Лучше подумайте вот над чем, мой лорд: если вы не введете чрезвычайное положение и не дадите Шерпту „особые полномочия“, чтобы мы могли узаконить задним числом „особые методы допроса“ — нам придется либо вместе с инспектором отправиться под суд, либо налить по бокалу того самого вина очень многим. Не только самим торговцам, но и другим задержанным, и страже — всем, кто видел „работу“ достопочтимого господина инспектора, графа Дихана Чеда… А потом пристав — такой уж он человек, хороший человек, без лукавства — зальет бокал в глотку самому себе. Докеры, под присмотром тех, кто все это подстроил, разнесут Райнберг по бревнышку — но навряд ли вы это увидите, мой лорд, потому что до того я сам убью вас, болезный вы идиот!»
— Ну…но… раз все так уверены, вы так уверены, — костлявая, желтая, как куриная лапа, рука лорда Бека Ауна потянулась к стопке бумаги.
Случилось невозможное — с четвертого раза пристав все-таки его убедил.

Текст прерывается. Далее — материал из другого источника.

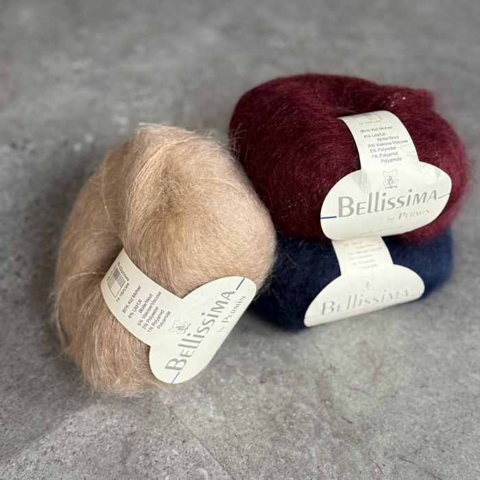 Lækkert blødt Bellissima garn fra Permin. Garnet har en lille smule glimmer i. Brug garnet til bluser, cardiganmed et festligt glimt.
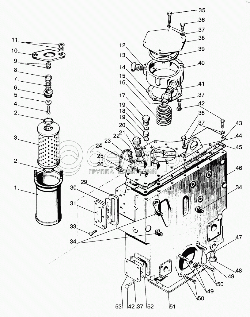 Каталог запасных частей к технике: МТЗ 1025.5. Корпус гидросистемы и фильтр

«Браво, Шерпт!» — Вэл искоса посмотрел на пристава — и вздрогнул, встретившись с ним взглядом. Непосредственно к беспорядкам в городе подчиненные пристава, скорее всего, были непричастны: под выбитые Диханом Чедом описания «неизвестных людей в известной форме» никто их настоящих стражников не подходил. Приставскую службу просто подставили. Но старику Шерпту хватало и того, что случилось на самом деле. Его подчиненные — которым он, верный идеалам десяти поколений благородных предков, верил, как себе — крали и сбывали краденное настолько часто, что рейнбегские торгаши считали это обычным делом. А он сам вынужден был нарушать закон, дозволяя пытки, обманывать своего правителя…
На первый взгляд, пристав выглядел как обычно: невозмутим, спокоен, благороден, не по годам бодр — ни дать ни взять, породистый конь на выездке. Но смотрел Шерпт, как загнанная лошадь.
— Вэл-гьон, граф Чед просил передать — у него завтра в полдень встреча в порту со старшинами Желтых Платков, — сказал пристав, когда они с копией только что изданного указа вышли из приемной лорда. — Он считает, вам нужно присутствовать. Но я против; это грубое нарушение субординации.